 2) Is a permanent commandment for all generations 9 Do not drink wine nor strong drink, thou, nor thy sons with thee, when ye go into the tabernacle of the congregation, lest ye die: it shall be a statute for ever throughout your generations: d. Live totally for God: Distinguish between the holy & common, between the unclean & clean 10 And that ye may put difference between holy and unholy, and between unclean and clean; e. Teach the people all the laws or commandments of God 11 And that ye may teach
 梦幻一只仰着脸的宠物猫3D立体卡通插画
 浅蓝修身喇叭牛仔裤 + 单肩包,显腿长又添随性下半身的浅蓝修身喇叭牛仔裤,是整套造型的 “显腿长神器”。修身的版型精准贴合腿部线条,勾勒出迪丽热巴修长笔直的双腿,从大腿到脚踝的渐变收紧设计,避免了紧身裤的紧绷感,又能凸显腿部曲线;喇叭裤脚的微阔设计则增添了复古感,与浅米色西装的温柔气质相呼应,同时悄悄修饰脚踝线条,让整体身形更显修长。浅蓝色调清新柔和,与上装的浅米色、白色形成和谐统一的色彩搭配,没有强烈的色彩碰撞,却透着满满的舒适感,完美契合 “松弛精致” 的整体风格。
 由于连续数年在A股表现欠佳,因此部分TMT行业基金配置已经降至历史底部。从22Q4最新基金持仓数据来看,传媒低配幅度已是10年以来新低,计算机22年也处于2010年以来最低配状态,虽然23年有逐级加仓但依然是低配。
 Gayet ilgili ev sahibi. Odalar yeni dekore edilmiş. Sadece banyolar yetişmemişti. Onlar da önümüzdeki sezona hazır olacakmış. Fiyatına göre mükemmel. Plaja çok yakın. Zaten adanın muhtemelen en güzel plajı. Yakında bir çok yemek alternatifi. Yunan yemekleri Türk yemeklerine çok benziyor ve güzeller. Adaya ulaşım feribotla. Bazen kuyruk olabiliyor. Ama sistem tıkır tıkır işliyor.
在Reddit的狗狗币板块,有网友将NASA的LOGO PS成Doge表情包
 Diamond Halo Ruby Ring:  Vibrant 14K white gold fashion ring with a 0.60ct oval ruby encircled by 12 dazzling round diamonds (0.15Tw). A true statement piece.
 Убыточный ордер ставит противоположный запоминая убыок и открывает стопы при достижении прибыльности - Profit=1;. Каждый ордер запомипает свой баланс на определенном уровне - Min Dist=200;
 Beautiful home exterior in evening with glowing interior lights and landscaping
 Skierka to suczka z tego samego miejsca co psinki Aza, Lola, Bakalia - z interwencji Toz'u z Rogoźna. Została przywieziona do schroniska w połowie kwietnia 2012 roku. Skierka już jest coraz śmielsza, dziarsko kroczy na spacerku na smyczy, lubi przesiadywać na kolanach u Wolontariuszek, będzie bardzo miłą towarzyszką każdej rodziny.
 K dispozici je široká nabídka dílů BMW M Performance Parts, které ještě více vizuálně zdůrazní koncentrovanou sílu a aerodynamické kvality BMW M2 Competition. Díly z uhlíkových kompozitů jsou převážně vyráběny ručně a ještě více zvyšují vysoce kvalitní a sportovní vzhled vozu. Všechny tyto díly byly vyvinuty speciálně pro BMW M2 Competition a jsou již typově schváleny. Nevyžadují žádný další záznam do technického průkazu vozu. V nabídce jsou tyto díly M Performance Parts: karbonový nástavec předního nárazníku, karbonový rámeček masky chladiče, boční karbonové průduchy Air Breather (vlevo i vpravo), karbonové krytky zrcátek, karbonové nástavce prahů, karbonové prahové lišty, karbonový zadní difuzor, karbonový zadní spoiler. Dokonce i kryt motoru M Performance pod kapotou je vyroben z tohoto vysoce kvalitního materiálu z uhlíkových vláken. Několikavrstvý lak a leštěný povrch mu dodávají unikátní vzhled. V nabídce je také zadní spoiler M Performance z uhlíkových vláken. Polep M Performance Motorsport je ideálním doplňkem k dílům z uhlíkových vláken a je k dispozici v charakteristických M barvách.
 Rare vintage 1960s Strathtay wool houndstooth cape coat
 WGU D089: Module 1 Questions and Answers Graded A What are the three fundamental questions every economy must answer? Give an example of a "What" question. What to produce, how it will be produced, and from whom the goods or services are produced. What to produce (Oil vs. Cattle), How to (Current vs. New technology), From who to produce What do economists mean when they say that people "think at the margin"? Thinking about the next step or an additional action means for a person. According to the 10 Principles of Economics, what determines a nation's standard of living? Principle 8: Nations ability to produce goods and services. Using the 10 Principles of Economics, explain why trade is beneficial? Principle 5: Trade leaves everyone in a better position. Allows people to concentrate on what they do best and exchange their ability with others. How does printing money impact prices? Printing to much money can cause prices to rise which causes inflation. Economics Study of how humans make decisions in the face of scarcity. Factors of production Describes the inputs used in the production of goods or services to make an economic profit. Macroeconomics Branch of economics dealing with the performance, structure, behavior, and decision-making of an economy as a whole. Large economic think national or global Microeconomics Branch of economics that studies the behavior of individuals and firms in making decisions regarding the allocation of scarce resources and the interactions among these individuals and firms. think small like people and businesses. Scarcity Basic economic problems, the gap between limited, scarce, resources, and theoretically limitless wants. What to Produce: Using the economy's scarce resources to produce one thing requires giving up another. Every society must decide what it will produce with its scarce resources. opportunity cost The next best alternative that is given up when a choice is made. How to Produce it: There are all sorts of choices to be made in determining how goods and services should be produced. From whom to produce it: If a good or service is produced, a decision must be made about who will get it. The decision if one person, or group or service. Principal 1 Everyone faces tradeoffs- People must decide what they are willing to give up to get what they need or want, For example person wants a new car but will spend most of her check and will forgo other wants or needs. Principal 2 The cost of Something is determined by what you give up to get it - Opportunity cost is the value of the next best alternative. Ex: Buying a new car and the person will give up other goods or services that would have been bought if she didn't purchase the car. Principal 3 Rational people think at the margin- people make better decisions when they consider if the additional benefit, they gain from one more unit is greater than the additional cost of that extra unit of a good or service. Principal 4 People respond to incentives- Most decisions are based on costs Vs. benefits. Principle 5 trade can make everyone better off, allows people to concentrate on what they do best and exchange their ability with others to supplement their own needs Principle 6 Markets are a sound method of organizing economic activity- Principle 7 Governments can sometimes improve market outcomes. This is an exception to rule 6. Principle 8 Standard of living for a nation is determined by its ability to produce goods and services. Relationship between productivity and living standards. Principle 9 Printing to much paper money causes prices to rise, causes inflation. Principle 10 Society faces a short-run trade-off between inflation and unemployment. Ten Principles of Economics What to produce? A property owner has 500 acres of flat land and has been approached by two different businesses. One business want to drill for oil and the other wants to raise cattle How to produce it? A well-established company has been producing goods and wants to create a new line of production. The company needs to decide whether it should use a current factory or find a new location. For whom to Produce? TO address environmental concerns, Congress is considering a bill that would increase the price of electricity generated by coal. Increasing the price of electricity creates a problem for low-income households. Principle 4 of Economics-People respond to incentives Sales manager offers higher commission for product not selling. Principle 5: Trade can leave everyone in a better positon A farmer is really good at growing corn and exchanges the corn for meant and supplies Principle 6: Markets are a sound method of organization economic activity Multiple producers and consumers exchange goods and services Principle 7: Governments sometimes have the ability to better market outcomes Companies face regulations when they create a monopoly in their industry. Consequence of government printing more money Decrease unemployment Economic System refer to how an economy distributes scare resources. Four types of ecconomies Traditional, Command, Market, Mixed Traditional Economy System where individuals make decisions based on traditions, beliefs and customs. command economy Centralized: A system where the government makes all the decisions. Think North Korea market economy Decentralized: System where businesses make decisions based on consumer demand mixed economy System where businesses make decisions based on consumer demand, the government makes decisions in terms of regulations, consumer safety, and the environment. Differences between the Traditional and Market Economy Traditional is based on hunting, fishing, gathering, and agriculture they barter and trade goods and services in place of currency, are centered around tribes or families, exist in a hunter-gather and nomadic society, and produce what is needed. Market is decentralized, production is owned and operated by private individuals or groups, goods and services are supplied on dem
□ □ □ □
■ THE TASK ■
Precisely the lines between those holding "梦幻一只仰着脸的宠物猫3D立体卡通插画" and "由于连续数年在A股表现欠佳,因此部分TM", inclusive, are to be reproduced from the listing above, with nothing added.

■ FINISHED EXERCISE ■
 梦幻一只仰着脸的宠物猫3D立体卡通插画
 浅蓝修身喇叭牛仔裤 + 单肩包,显腿长又添随性下半身的浅蓝修身喇叭牛仔裤,是整套造型的 “显腿长神器”。修身的版型精准贴合腿部线条,勾勒出迪丽热巴修长笔直的双腿,从大腿到脚踝的渐变收紧设计,避免了紧身裤的紧绷感,又能凸显腿部曲线;喇叭裤脚的微阔设计则增添了复古感,与浅米色西装的温柔气质相呼应,同时悄悄修饰脚踝线条,让整体身形更显修长。浅蓝色调清新柔和,与上装的浅米色、白色形成和谐统一的色彩搭配,没有强烈的色彩碰撞,却透着满满的舒适感,完美契合 “松弛精致” 的整体风格。
 由于连续数年在A股表现欠佳,因此部分TMT行业基金配置已经降至历史底部。从22Q4最新基金持仓数据来看,传媒低配幅度已是10年以来新低,计算机22年也处于2010年以来最低配状态,虽然23年有逐级加仓但依然是低配。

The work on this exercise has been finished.